Gajadhar, who won Trinidad and Tobago Automobile Sports Association’s (TTASA) Sportsperson of the Year Award for Drag Racing and was a nominee for First Citizens Bank’s (FCB) Sportswoman of the Year award for Drag Racing, said in fact that the person who motivated her most is her partner and family.

Speaking to LoopTT, the 37-year-old motorsport enthusiast and former UWI graduate and employee said she started out decades ago with only a basic knowledge of racing, but with the support of her partner, she gradually learned more about the sport.

You may ask, what’s a woman like me doing in motorsports, especially when I wasn’t born into it. My love of motorsports started when I began going to drag racing events with my other half some 20 years ago. Since then, he’s been my inspiration, my tuner, mechanic, manager, you name it. He’s been the ‘man behind the woman’,” she said.

Gajadhar’s first race was over 10 years ago in 2008 at the Camden Race Track, which was later closed. However, with the establishment of a permanent home for TTASA at the Frankie Boodram International Raceway in Wallerfield, Gajadhar and her fellow female drivers have been given the green light to push forward.

Gajadhar’s passion for racing has helped her to overcome many challenges both within the field and on a personal level whenever she had self-doubts.

“Drag racing is something I’m extremely passionate about and take pride in. It’s something I work really hard at.”

“Of course I’ve had challenges along the way, certain setbacks, moments when I just couldn’t get it right and would question whether I really belonged in motorsports, whether I really had the determination and heart to take it further.”

“But for me, once you’ve got the right support, the right mindset, there’s no ceiling, there’s no limit to where you can take your dreams." ​​

She has since blazed a trail and was named FCB’s Sportswoman of the Year Nominee for Drag Racing and TTASA’s 2018 Sportsperson of the Year.

She was also named the 2017 13 Seconds Bracket Champion and 2018 Overall Points Leader.

“When I was first told I was being nominated for the FCB Sportswoman of the Year Award in 2017, naturally, I was shocked, especially given the calibre of the other candidates.

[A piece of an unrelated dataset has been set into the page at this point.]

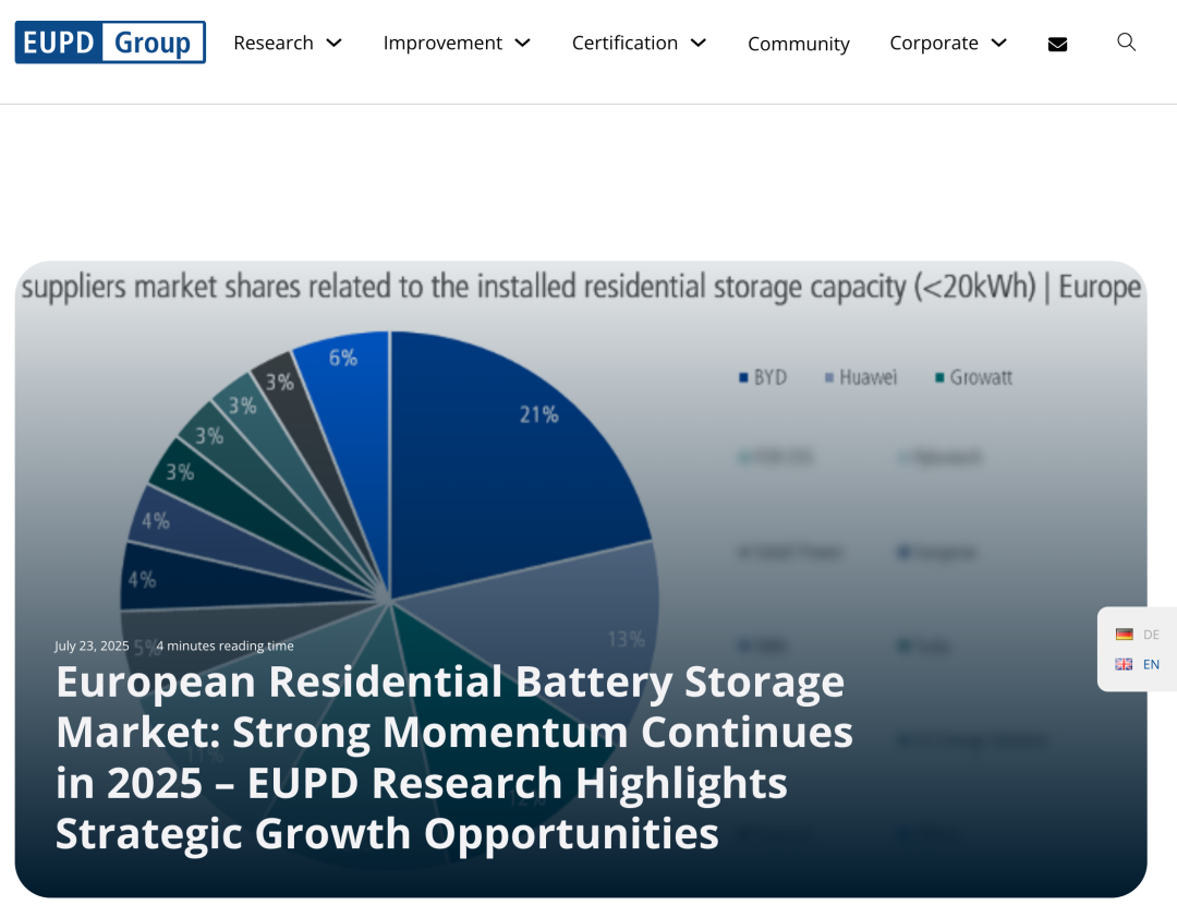 根据EUPD Research 数据显示:欧洲户储市场在竞争方面依旧高度活跃。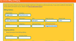 If you wish, you may add any additional information needed here. Please note that changes made here will not affect the client's information in your client list. The contact information on an invoice is separate from the contact information in your client list. This is important, because even if your client moves, or other contact information changes, you want the invoice to reflect the information that was current at the time of the sale.

I was so grateful to have even been nominated for such a prestigious award and for the opportunity to represent motorsports, and especially to showcase that drag racing is a sport like any other,” she said.

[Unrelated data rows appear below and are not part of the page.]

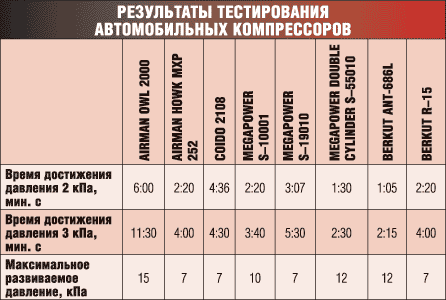 При тестировании в первую очередь во внимание принималась скорость накачки, обеспечиваемая компрессорами. При этом фиксировалось время, на протяжении которого давление в изначально полностью спущенной шине достигало контрольных значений — 2 и 3 кПа соответственно. Для кого скорость накачки является главным критерием при выборе компрессора, сразу отправляем к сводной таблице. А тем, кто все-таки интересуется, насколько отличаются аппараты по удобству пользования и комплектации, советуем-таки прочитать тест целиком, материал обещает быть интересным.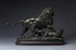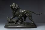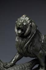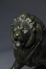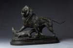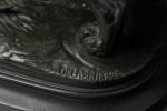Bronze à patine verte signé, portant sur la terrasse un cartouche titré et daté "Salon 1892".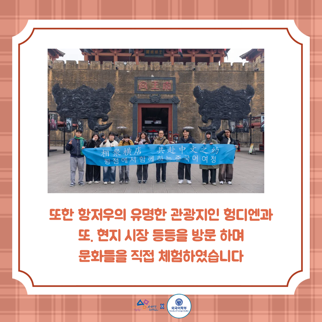 본문 시작 홈으로 YES! SMUFS 학부소개 교육과정 교육활동 입학&취업활동 YES! SMUFS 홈페이지가이드 SMUFS News 공지사항 SMUFS News SMUFS SNS SMUFS News 페이스북 트위터 프린트 2025 중국 어학연수 조회 : 414 등록일 : 2026-01-20 1.png ( 90 kb) ?atchFileId=FILE_000000000234803&fileSn=0 1.png 목록 이전2025 필리핀 어학연수 다음 2026 꿈설계학기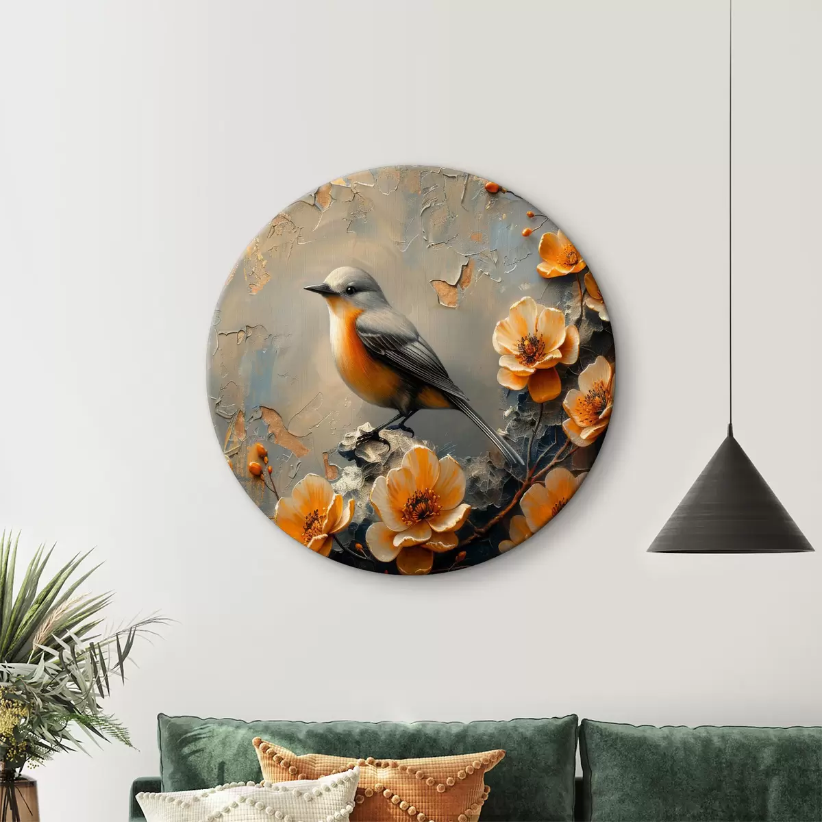 Ronde schilderijen Vogel op een tak met bloemen Nr r37770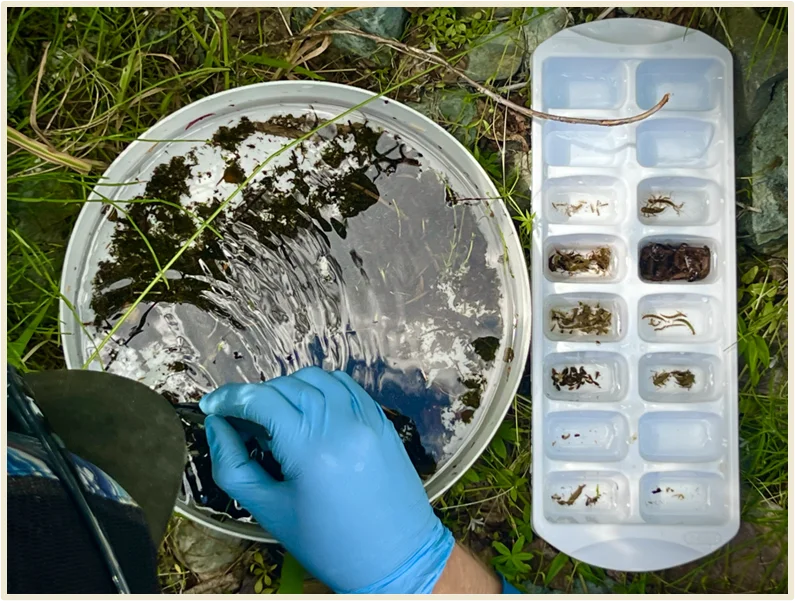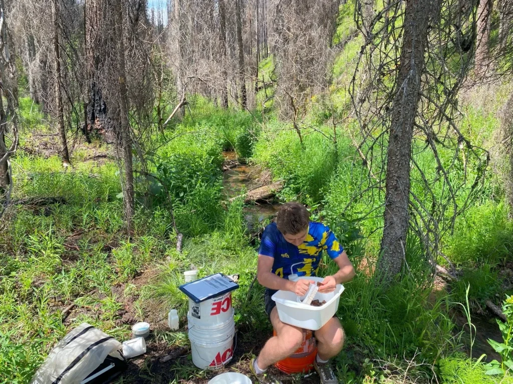 University of Montana undergraduate intern Benjamin Brady collecting algae samples at Colt Creek, which burned in 2023. Photo: Jacob McArtor.

Gajadhar said on the racetrack, there is no segregation between the sexes.

“Being a female in a male dominated sport hasn’t really affected me. The men have been welcoming for the most part.”

“It’s important to note that the ladies don’t race against ladies, we race against men, so at the end of the day it’s really a matter of racer versus racer and car versus car, not men versus women,” she said.

Gajadhar’s advice for other women interested in drag racing is to focus on passion.

“My advice for women wanting to get into racing: as with anything in life, if you want it bad enough, you’ll have a genuine love for it and you’ll work hard at it and remain committed to your goal, despite any challenges you face,” she said.

She also thanked her partner, family, and others who supported her over the years.

“My success, no doubt is owed firstly to God, my other half, my family and friends and all my other supporters. But I’d be lying if I said my success in recent years hasn’t been largely in part owed to TTASA.”

“Under the current management, this is the first time drag racers have been recognized and rewarded for their efforts and hard work.”

“TTASA has since been working diligently to promote drag racing and safety on and off the tracks and to create a positive image for the sport. So I’m really happy to be a part of this movement in taking the sport forward.

“At the end of the day, getting to do something I love, with the people I love and being rewarded for it, is just icing on the cake,” Gajadhar said.